Traditional Visual Grounding vs. Intention Grounding¶
| Dimension | Traditional Visual Grounding | Visual Intention Grounding |
|---|---|---|
| Perspective | Third-person | First-person (Egocentric) |
| Query | Explicit object description ("white chair") | Implicit intention ("pack up phone and luggage") |
| Reasoning | Direct word-to-object matching | Requires reasoning about object functionality/utility |
| Challenges | Object recognition | Occlusion, dynamic perspective + functional reasoning |
Key Challenges¶
Misleading explicit mentions: Intention sentences may explicitly mention certain objects that are not the target—for example, "pack up my phone and luggage" mentions "phone", but the actual target is the handbag (used to hold those items).
Unconventional object utility: A chair is typically used for sitting, but in the context of "reaching the sink", it is used as a step stool—requiring an understanding of the object's affordance.
First-person perspective difficulties: Motion blur, small objects, perspective distortion, etc.

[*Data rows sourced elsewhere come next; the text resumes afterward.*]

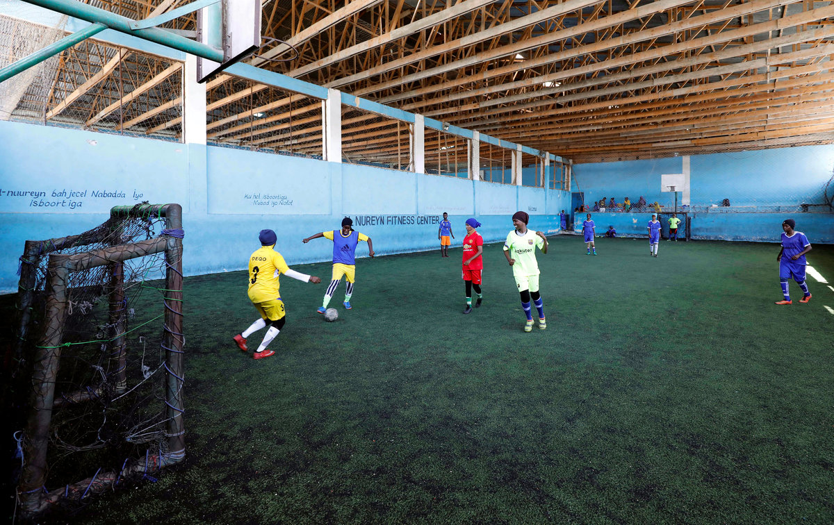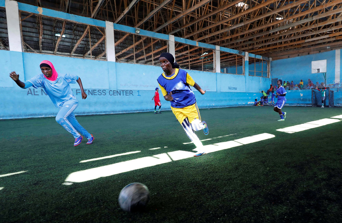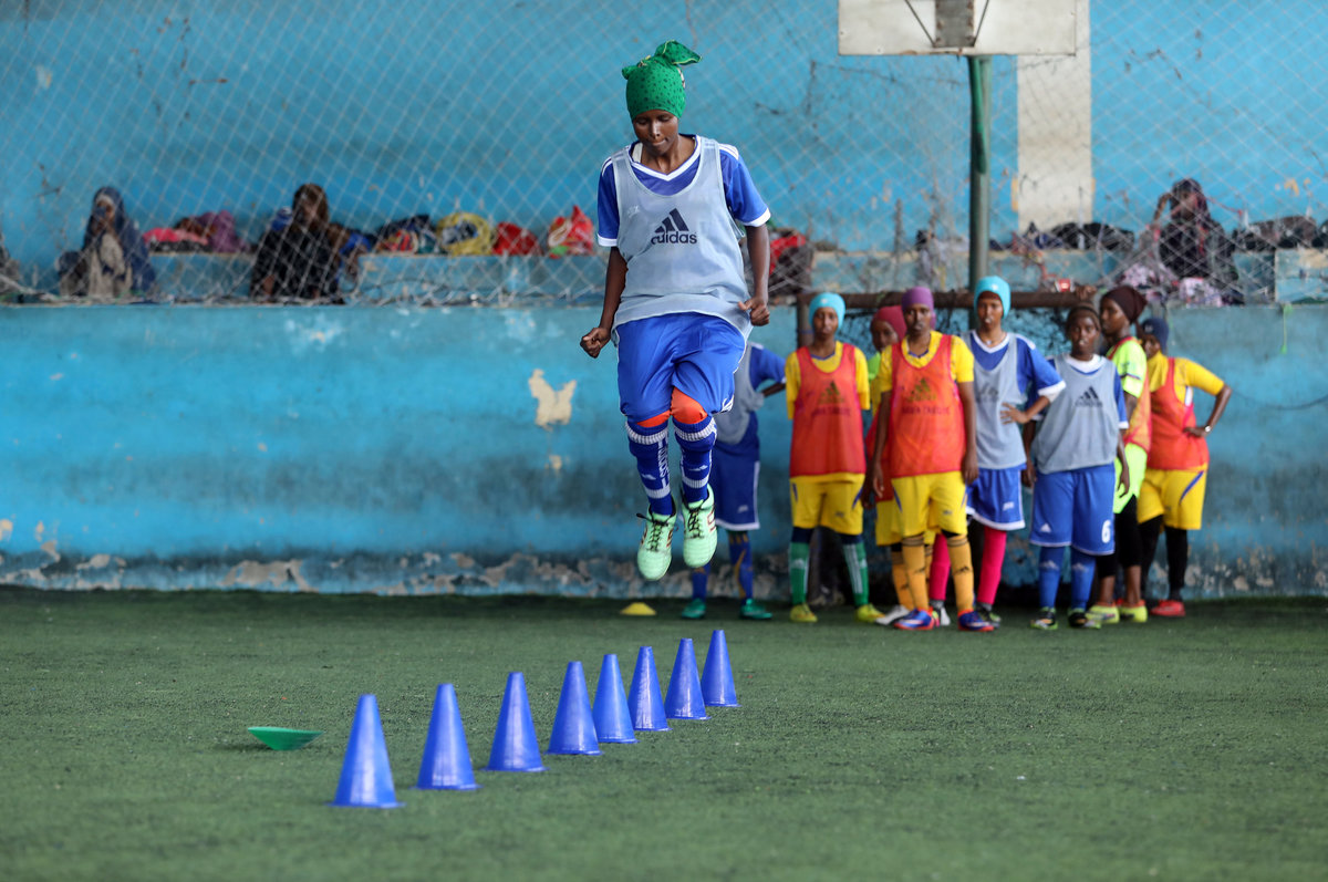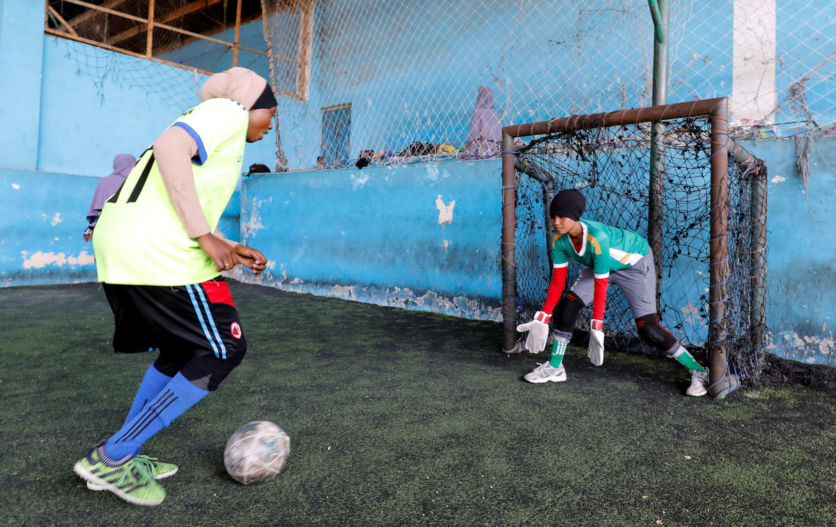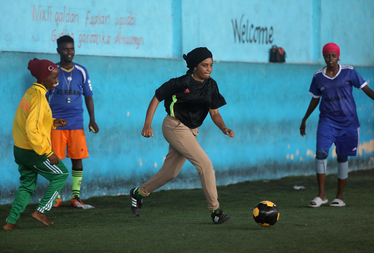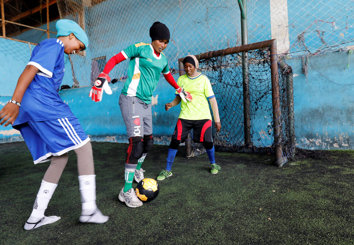 MOGADISHU (Reuters) - On a tired artificial pitch near a Mogadishu street that has been hit with a series of explosions, Shaima Sallal Mohamed is tackling the stereotype that soccer in Somalia is only for men.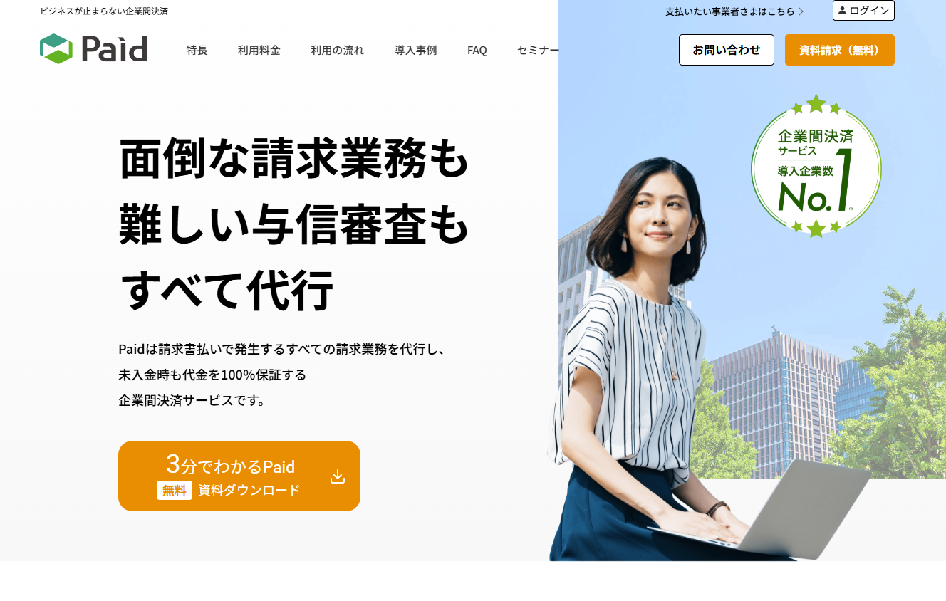 4,500社以上に導入されている掛け払い決済サービスです。事業者が取引先の情報ならびに請求情報を登録するだけで、請求に関する業務をPaidが全て代行して行う仕組みになっており、APIとの連携により請求業務の全自動化を実現させることもできるという特徴があります。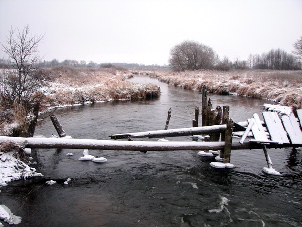 Посетили те же места с Вадимом и Филимоном... Все, после рассказов про вчерашний клев :(. Ставок много, но видал и поболей :). Упирались в блесну и балансы. Наиболее выдающиеся результаты показали на карповнике (?) - в сумме с десяток полосатиков до ста грамм на всех. В канавах, в корчиках клевал вообще мизерник. лед нормальный, но на русловом канале - 2-3 см и промоины. Сработок не видел, а Вадик видел на льду - 4200 гр. Хаски, жаль не встретились, мы заезжали со Мгле.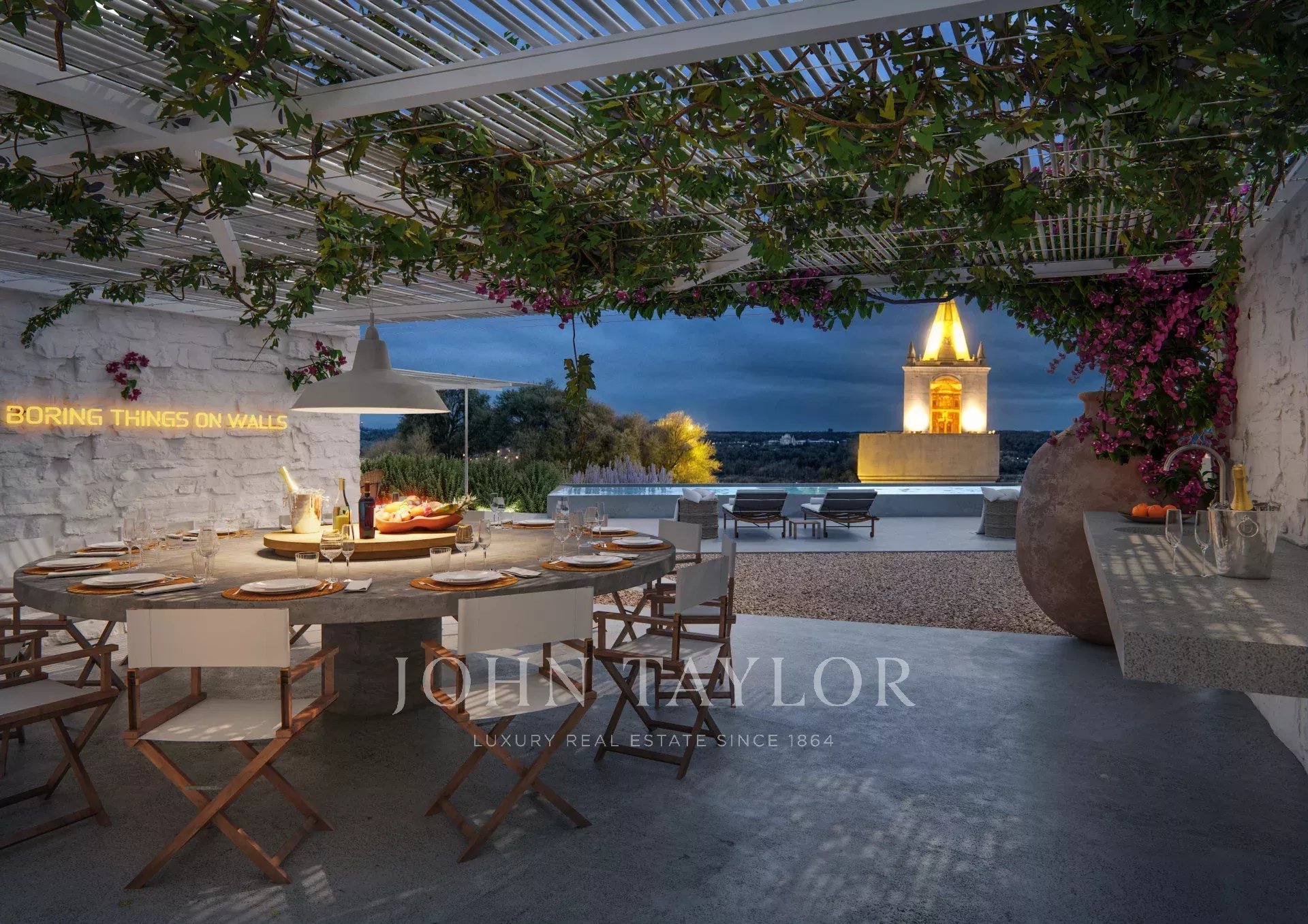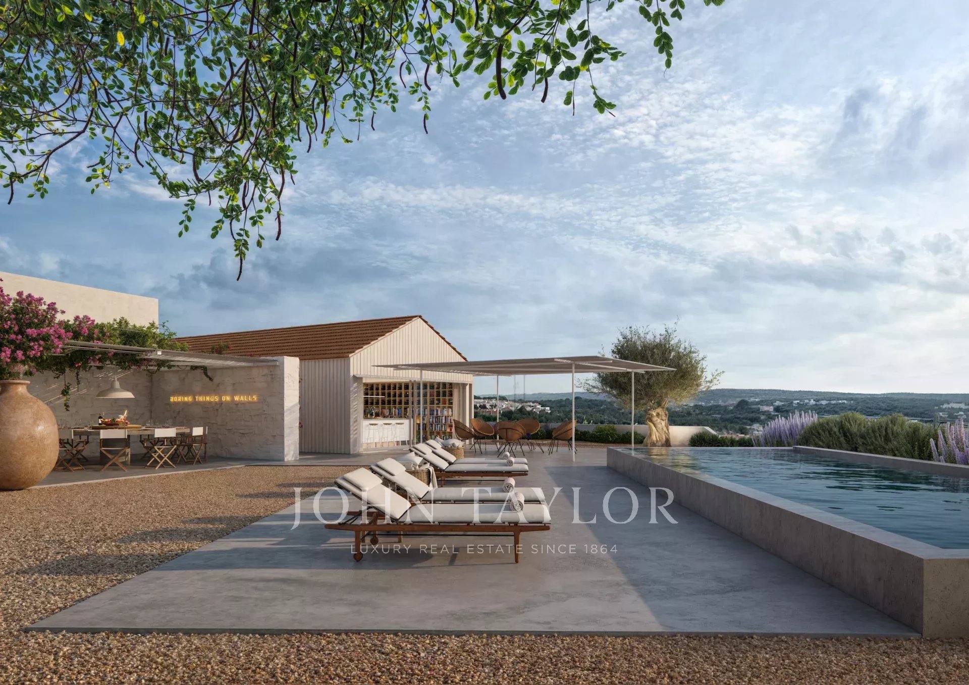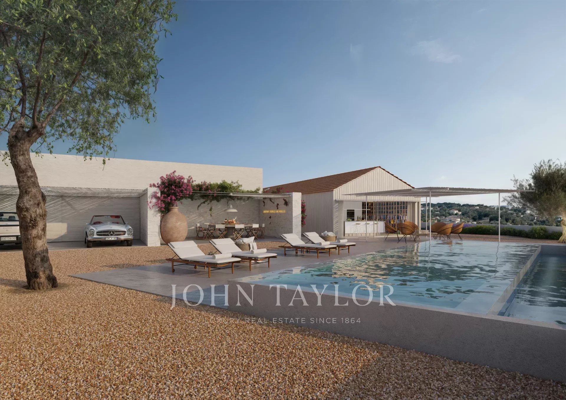 À l’extérieur, on trouve un garage double avec borne de recharge pour véhicules électriques, une salle à manger couverte pour 12 personnes et une piscine à débordement en béton de 12x2,8 m, avec service d’entretien. La propriété dispose également d’un espace de rangement pour le mobilier de piscine et d’un système de traitement de l’eau.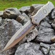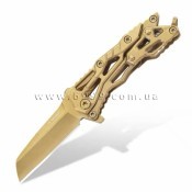 Непальський ніж "Кукрі" - це мисливський ніж призначений для носіння на поясі у піхвах. На руків'ї дві накладки з дерева. Лезо ножа має характерний вигін який називається "крило сокола" та заточений по вгнутій стороні клинка. Ніж важкий та має перекіс ваги ближче до вістря леза. Історичне застосування цього ножа - бойове. Зараз він застосовується мисливцями при розділу туши звіра, а точніше для перерубання кісток. У комплекті маються піхви, виготовлені зі штучної шкіри.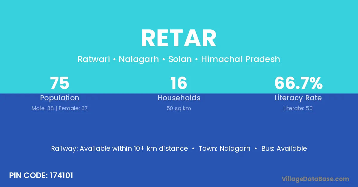 Nalagarh is the nearest town to Retar village for major economic activities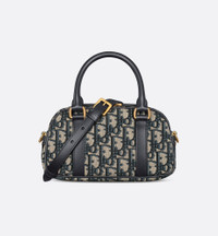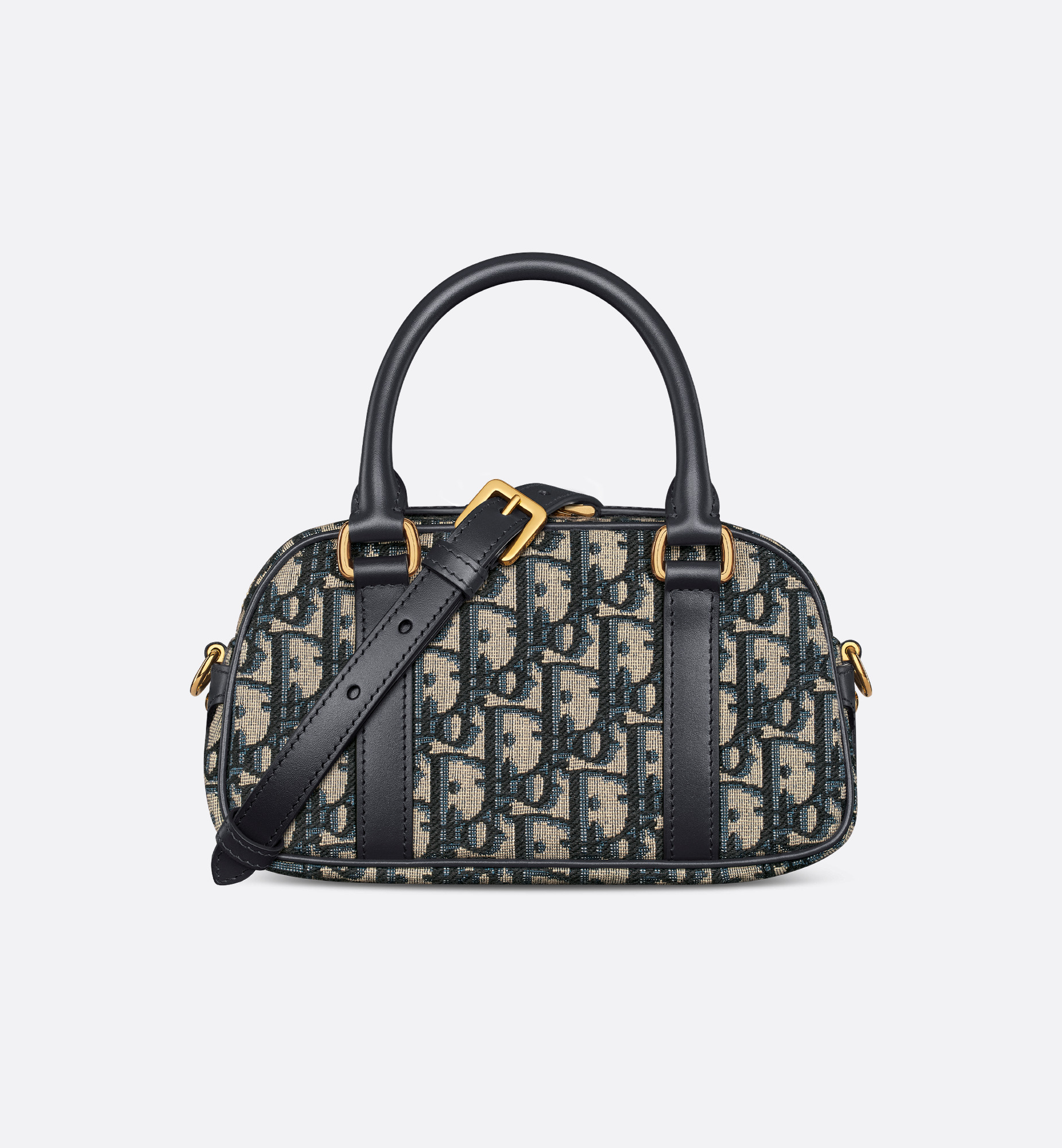 New for Summer 2025, the D-Vibe East-West nano bag rounds out the D-Vibe line with a streamlined silhouette and modern look. Crafted in blue Dior Oblique jacquard, it is enhanced by tonal leather detailing. A compartment with a slip pocket can accommodate all the essentials, while the leather top handles and adjustable, removable strap allow the bag to be carried by hand, worn over the shoulder or crossbody. - Main composition: cotton, calfskin and technical fabric - Cotton, linen and calfskin lining - Zip closure - One compartment - Interior slip pocket - Adjustable and removable leather shoulder strap - Dust bag included - Made in Italy Size & Fit - Dimensions: 20.5 x 13 x 5 cm / 8 x 5 x 2 inches (Length x Height x Width) - The size is suitable for a phone, a card holder and lipstick - Size and weight details may vary depending on the product's material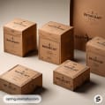 Two kraft boxes, one large, one flat, with leaf motifs.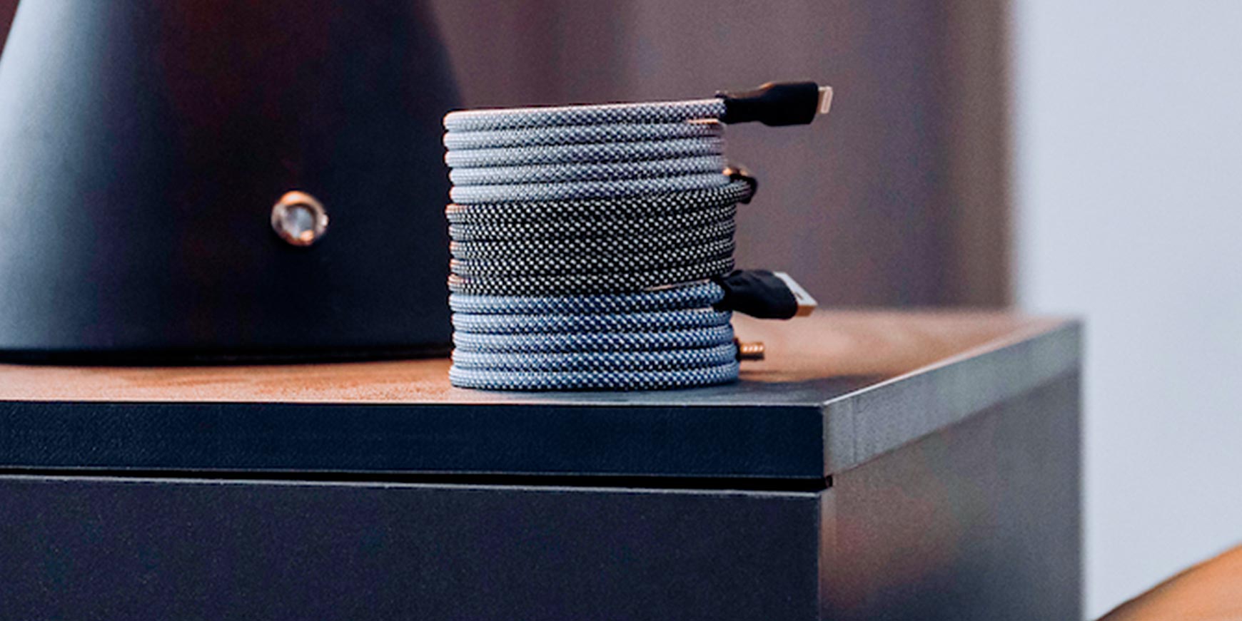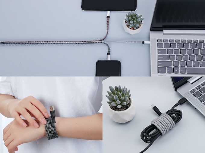 Kablerne kan endda monteres magnetisk med hinanden. Så i stedet for at have et skrivebord, der flyder med kabler, kan man altså sætte dem sammen, så de ligner et enkelt kabel.

Limitations of Prior Work¶
Two-stage solutions (GPT-4 reasoning + GroundingDINO detection): The two models operate in different feature spaces, leading to inconsistent modality alignment and potential hallucinations of non-existent objects.
MLLMs: Primarily designed for third-person visual grounding, lacking training data to bridge egocentric vision with intention sentences.
Method¶
Overall Architecture: EgoIntention Dataset¶
Data Sources¶
- Images are sourced from Ego4D (the largest real-world egocentric vision dataset).
- Bounding box annotations are inherited from PACO-Ego4D (an object part and attribute dataset).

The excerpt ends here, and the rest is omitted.